Tarius held her tightly and choked on a ball of tears she fought to keep down. She couldn't keep this farce up. Eventually her house of cards was going to come tumbling down.
* * *
Tarius didn't rest long. A week after she got home she started to train the new group of recruits. They were the last of the quickly chosen, quickly trained, and they needed a lot of sword training.
Tragon had been the primary trainer, and it had made him feel important. With Tarius and Arvon back from the war, he was now forced to train the boys with even less skill than he'd had when he was in academy. They had just finished the lessons for the day, and Arvon and Tarius were sparing. Tragon watched them. Both Tarius and Arvon had gotten better in the war. Arvon had gotten much better, but of course Tarius could still whip him.

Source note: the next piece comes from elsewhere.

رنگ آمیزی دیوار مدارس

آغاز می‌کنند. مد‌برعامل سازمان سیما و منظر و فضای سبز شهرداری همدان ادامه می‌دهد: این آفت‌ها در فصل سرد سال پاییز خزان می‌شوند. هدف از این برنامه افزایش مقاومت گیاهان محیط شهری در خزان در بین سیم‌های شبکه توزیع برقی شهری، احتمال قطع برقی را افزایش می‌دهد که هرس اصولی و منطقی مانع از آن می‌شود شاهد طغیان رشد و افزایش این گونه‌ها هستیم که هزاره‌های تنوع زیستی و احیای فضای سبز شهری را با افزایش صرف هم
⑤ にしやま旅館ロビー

"You there, boy," Tarius called out to the young orphan they had found to replace Harris as the step-and-fetch'em boy. He was young, hardly twelve. "What's your name?"
"Frederick."
"Well, Frederick, run up to Sir Darian's house and fetch my wife and my good friend Harris and bring them back here."
"Aye, sir."
"When you get back I'll give you a copper," Tarius promised. The boy dropped the bucket he'd been carrying and ran out the door like he'd been shot from a crossbow.
Tarius and Arvon sat down on a bench to rest, and Tragon limped over to join them. "So, what are you two up to?"

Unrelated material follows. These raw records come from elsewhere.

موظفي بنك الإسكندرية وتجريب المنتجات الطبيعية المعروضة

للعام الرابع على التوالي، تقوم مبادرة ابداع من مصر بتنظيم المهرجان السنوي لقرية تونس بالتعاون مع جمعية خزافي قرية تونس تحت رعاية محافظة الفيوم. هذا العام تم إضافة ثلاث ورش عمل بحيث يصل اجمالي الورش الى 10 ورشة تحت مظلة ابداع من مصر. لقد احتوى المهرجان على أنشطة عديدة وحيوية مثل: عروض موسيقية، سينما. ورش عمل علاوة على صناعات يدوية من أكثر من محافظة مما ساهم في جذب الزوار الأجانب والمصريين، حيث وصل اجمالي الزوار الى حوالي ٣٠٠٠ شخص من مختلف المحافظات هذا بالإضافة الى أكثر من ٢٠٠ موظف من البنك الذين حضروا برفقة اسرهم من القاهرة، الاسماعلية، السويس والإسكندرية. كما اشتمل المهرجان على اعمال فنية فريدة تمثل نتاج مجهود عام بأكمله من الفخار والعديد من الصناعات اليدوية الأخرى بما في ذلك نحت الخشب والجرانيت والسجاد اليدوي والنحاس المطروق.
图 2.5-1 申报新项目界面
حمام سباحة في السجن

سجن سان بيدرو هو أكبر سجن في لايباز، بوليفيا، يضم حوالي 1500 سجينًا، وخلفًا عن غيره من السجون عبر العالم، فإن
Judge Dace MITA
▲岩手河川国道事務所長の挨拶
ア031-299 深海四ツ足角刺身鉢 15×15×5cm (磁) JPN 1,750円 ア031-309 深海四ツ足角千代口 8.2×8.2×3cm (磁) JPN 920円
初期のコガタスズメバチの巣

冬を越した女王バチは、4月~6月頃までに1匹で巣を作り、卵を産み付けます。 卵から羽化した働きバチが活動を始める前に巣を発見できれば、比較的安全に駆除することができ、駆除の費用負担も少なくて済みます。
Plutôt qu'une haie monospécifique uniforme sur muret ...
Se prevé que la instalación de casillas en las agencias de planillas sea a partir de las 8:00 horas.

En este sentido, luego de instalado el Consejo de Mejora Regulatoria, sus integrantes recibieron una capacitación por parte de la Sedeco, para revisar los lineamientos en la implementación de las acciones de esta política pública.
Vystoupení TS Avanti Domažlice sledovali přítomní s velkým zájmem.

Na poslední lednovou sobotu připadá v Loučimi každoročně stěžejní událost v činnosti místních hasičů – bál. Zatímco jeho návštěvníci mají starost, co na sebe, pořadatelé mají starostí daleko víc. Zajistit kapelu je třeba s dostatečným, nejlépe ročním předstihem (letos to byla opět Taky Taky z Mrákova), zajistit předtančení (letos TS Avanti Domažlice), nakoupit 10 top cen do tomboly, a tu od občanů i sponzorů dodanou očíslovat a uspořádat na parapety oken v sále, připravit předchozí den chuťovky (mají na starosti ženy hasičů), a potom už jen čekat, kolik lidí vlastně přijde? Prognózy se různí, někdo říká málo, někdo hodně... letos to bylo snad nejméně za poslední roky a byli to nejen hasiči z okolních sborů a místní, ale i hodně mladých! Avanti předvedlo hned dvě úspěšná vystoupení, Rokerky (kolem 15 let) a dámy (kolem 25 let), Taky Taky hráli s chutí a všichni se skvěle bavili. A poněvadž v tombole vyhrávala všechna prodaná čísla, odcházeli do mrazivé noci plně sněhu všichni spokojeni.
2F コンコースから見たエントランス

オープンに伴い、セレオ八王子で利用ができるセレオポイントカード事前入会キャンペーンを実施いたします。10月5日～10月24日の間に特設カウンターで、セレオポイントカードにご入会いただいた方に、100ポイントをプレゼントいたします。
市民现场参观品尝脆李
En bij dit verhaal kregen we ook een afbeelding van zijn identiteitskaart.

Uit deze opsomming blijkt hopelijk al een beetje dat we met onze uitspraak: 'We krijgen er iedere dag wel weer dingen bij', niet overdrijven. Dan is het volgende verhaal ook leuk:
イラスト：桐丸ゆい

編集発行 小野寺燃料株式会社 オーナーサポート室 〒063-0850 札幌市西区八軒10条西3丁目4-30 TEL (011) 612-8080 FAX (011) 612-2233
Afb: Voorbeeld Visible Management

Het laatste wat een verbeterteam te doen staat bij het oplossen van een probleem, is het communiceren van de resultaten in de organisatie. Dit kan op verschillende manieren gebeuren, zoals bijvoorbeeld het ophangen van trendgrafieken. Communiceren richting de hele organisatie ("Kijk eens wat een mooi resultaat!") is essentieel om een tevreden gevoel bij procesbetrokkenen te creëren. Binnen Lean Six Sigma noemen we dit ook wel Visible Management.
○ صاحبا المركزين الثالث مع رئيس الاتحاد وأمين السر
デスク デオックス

"You might as well know, we've made a clearing in the woods and we go there to fight. Want to go with us?" Tarius asked.
Tragon shook his head. He didn't ever want to go back there, not to that place of great embarrassment for him. Besides, he tried to steer clear of Jena these days. She didn't want him around her, and if he made Jena unhappy or uncomfortable there was a very real possibility that she'd tell Tarius what he had done. Armed with that knowledge, Tarius would have all the excuses she needed to kill him. Tarius was not a person who liked lose ends, who liked to leave her fate in anyone else's hands, and Tragon imagined that she daily considered killing him just because it would be so much cleaner. He was only alive because of her code of honor, and if she knew what he'd tried to do to Jena . . . well, that same code would allow her to kill him without blinking an eye.
"Think I'll stick with sparing partners I can beat," Tragon said with a laugh.
Frederick ran in with Jena and Harris, and Tarius gave the boy a copper as promised. Tragon made a face. No doubt Tarius would get this water boy knighted like she had "his good friend Harris."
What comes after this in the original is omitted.